In situ hybridization of an MXene/TiO2/NiFeCo-layered double hydroxide composite for electrochemical and photoelectrochemical oxygen evolution

Electrochemical and photoelectrochemical (PEC) oxygen evolution reactions (OER) are receiving considerable attention owing to their important roles in the overall water splitting reaction. In this contribution, ternary NiFeCo-layered double hydroxide (LDH) nanoplates were in situ hybridized with Ti3C2Tx (the MXene phase) via a simple solvothermal process during which Ti3C2Tx was partially oxidized to form anatase TiO2 nanoparticles. The obtained Ti3C2Tx/TiO2/NiFeCo-LDH composite (denoted as TTL) showed a superb OER performance as compared with pristine NiFeCo-LDH and comercial IrO2 catalyst, achieving a current density of 10 mA cm(-2) at a potential of 1.55 V versus a reversible hydrogen electrode (vs.
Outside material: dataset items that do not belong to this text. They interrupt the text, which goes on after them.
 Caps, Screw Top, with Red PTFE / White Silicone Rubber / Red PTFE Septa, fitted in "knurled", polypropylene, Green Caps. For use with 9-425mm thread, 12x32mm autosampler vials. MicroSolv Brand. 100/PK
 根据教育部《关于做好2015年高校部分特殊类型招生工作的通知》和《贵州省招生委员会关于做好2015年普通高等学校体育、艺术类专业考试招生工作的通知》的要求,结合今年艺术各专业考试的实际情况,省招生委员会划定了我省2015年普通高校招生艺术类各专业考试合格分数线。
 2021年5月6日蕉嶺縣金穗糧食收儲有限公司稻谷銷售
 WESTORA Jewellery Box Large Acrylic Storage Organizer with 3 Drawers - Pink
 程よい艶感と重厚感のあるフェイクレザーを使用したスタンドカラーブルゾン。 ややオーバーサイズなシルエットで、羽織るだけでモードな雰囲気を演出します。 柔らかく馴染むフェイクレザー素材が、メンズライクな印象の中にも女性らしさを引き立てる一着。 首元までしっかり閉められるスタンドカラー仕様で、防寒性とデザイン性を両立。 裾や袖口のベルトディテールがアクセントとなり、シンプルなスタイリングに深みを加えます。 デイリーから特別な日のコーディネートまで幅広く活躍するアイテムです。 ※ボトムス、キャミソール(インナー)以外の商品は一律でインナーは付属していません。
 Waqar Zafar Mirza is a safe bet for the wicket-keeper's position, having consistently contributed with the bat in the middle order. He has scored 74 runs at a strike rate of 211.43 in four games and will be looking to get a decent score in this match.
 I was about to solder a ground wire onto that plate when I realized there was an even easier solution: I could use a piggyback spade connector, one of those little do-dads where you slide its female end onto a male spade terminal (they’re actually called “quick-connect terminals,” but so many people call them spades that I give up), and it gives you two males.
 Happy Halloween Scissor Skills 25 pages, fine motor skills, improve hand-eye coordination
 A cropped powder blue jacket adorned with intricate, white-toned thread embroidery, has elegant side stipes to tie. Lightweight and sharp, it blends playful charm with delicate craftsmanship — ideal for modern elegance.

RHE) in 0.1 M KOH. Importantly, the composite was further deposited on a standard BiVO4 film to construct a TTL/BiVO4 photoanode which showed a significantly enhanced photocurrent density of 2.25 mA cm(-2) at 1.23 V vs. RHE under 100 mW cm(-2) illumination. The excellent PEC-OER performance can be attributed to the presence of TiO2 nanoparticles which broadened the light adsorption to improve the generation of electron/hole pairs, while the ternary LDH nanoplates were efficient hole scavengers and the metallic Ti3C2Tx nanosheets were effective shuttles for transporting electrons/ions. Our in situ synthetic method provides a facile way to prepare multi-component catalysts for effective water oxidation and solar energy conversion.